▶ GOAL OF THE EXERCISE
In the listing below, locate the line with "Nuestro libro Sherpas." and the line with "Het meubel heeft", then output both and everything between them exactly, minus any pictures.

---------- DATA LISTING ----------

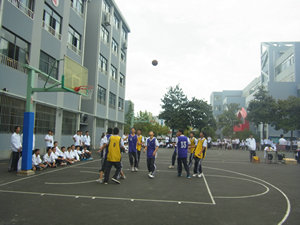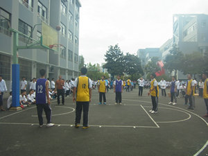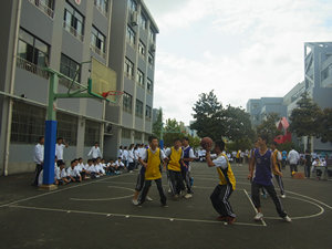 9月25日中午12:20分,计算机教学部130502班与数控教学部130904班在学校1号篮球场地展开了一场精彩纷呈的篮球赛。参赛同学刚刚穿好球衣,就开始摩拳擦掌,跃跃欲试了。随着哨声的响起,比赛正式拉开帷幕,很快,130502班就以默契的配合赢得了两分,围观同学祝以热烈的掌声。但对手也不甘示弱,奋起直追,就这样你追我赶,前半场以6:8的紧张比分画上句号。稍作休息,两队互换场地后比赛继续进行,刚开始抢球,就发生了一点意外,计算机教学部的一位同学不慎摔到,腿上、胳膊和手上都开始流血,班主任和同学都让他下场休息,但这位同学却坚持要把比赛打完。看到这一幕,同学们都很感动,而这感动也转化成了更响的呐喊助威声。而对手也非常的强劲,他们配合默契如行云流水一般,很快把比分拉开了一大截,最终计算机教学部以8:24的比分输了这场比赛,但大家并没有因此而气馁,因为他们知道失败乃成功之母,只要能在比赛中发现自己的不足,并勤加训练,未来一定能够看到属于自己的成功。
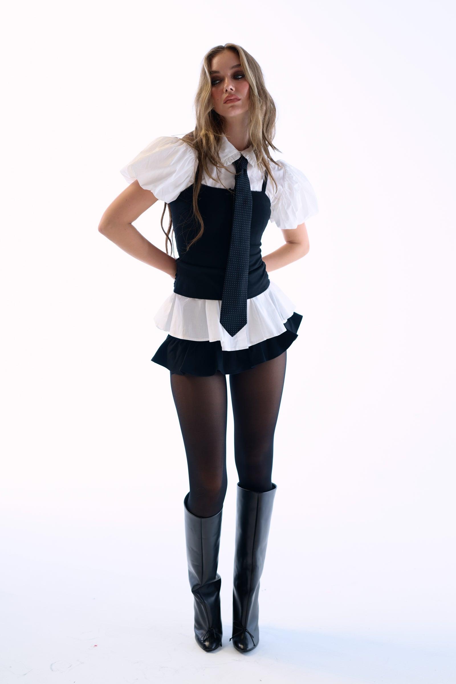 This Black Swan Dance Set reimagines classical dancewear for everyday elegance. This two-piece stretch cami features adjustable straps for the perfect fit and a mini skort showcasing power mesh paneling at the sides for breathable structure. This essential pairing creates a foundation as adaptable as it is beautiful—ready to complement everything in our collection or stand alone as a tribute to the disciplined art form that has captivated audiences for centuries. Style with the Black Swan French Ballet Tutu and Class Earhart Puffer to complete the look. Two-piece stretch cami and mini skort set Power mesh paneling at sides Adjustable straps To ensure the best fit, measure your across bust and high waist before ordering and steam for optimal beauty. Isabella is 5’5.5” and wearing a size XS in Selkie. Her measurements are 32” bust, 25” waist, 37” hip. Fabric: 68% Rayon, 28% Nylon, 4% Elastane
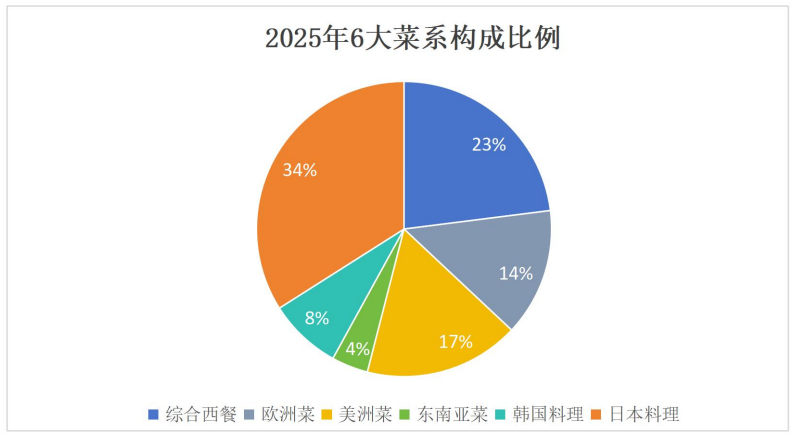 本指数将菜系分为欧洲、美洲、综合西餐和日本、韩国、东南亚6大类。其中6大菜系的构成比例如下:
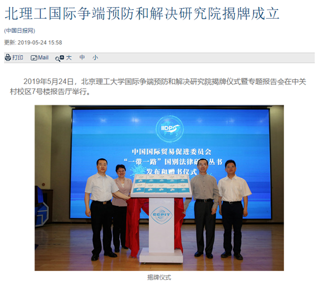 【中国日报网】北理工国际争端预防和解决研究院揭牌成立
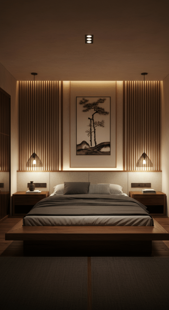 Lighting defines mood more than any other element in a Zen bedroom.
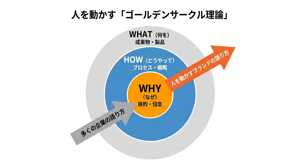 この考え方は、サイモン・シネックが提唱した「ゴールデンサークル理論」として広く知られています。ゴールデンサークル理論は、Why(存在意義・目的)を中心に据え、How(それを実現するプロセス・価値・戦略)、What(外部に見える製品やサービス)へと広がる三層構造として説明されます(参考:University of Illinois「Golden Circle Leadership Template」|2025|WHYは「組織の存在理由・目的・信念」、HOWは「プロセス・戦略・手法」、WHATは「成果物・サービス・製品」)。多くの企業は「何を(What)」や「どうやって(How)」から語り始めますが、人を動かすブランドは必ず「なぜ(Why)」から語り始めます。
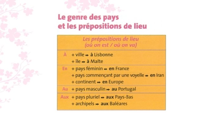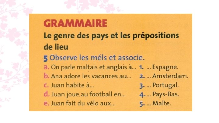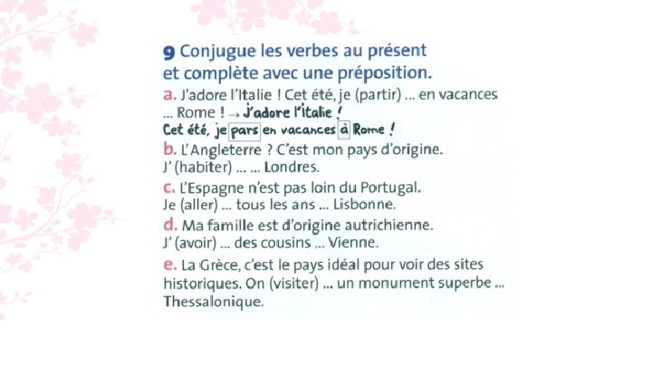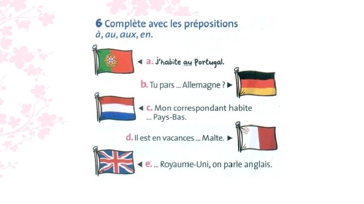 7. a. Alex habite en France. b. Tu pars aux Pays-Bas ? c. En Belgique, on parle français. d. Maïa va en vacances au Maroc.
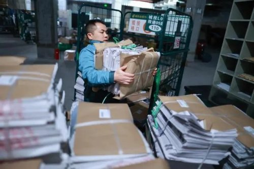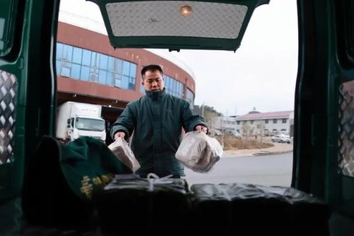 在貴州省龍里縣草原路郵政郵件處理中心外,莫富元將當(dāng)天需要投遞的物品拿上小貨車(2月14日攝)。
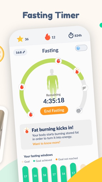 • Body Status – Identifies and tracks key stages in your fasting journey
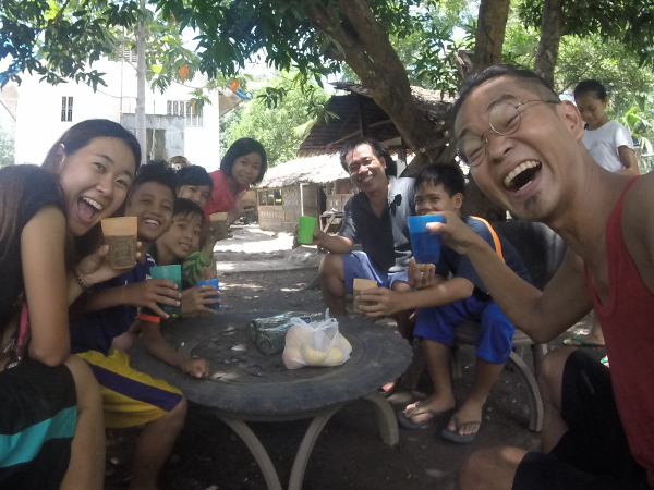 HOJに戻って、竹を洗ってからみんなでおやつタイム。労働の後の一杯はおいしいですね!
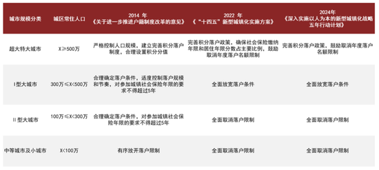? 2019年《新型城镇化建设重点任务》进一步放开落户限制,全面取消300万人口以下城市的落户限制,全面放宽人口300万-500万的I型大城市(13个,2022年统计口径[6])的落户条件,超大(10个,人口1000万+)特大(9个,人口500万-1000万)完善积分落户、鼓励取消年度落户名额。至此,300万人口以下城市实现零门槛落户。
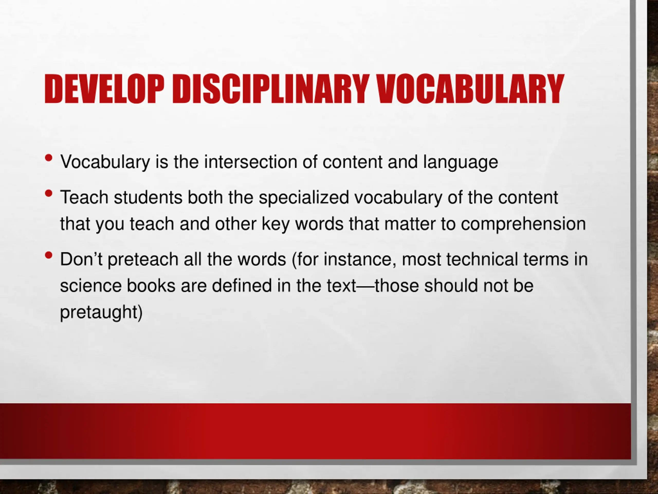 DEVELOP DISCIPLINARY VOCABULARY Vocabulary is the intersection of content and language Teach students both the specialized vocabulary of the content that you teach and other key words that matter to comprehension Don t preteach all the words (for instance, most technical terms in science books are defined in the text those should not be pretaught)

----------
---------- DATA LISTING ----------

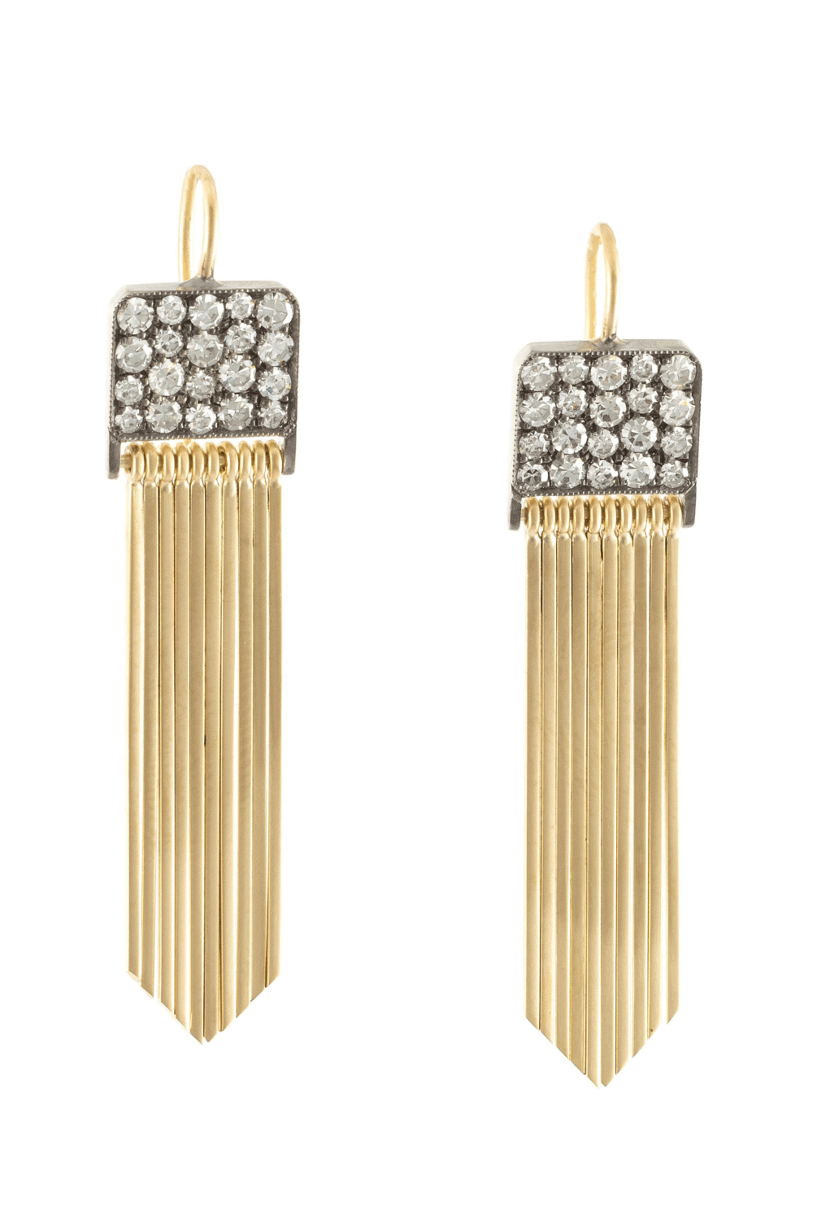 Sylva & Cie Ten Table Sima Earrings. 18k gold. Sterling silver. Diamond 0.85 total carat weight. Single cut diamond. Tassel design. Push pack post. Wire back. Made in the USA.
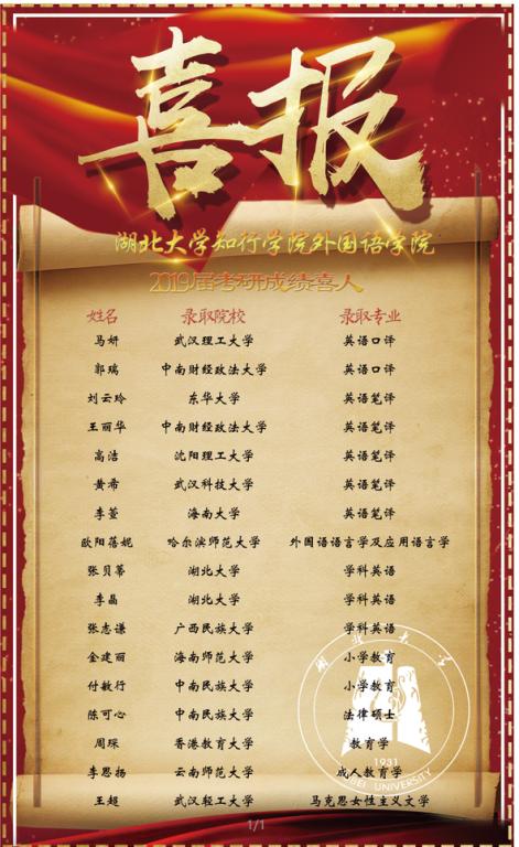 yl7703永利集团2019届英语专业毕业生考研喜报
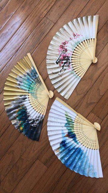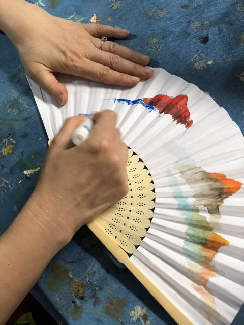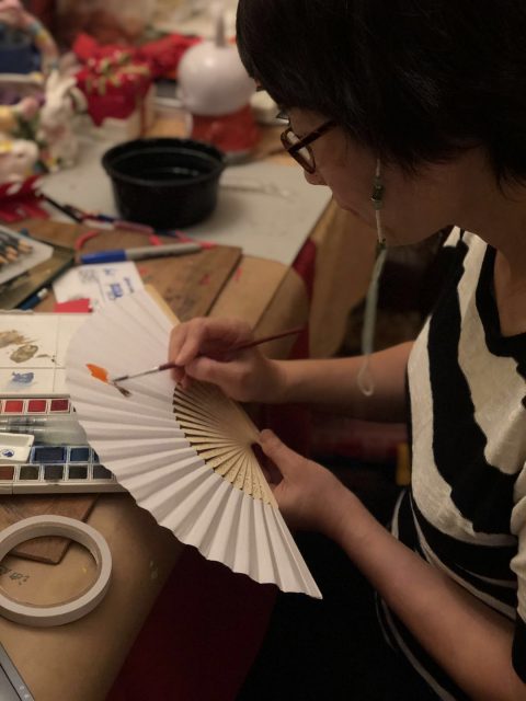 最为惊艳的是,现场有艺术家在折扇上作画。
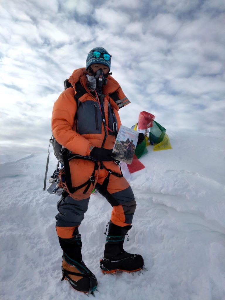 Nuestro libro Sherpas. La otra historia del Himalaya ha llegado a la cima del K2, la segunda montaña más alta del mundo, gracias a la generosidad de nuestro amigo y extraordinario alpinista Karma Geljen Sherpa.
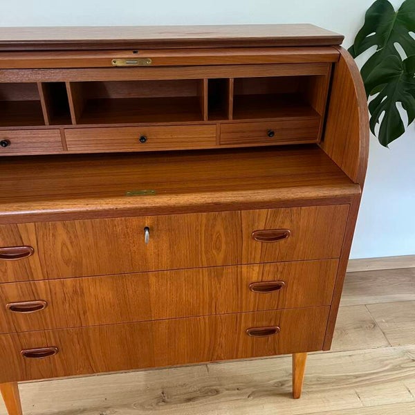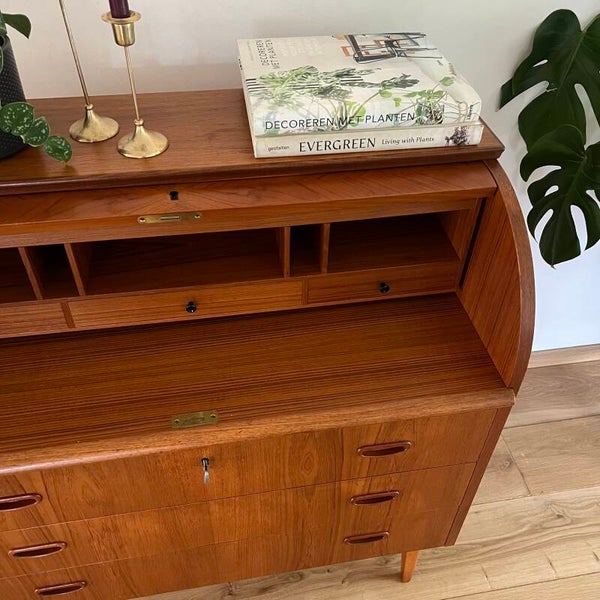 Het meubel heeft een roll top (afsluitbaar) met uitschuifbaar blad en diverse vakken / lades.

----------

▶ WRITTEN ANSWER
 Nuestro libro Sherpas. La otra historia del Himalaya ha llegado a la cima del K2, la segunda montaña más alta del mundo, gracias a la generosidad de nuestro amigo y extraordinario alpinista Karma Geljen Sherpa.
 Het meubel heeft een roll top (afsluitbaar) met uitschuifbaar blad en diverse vakken / lades.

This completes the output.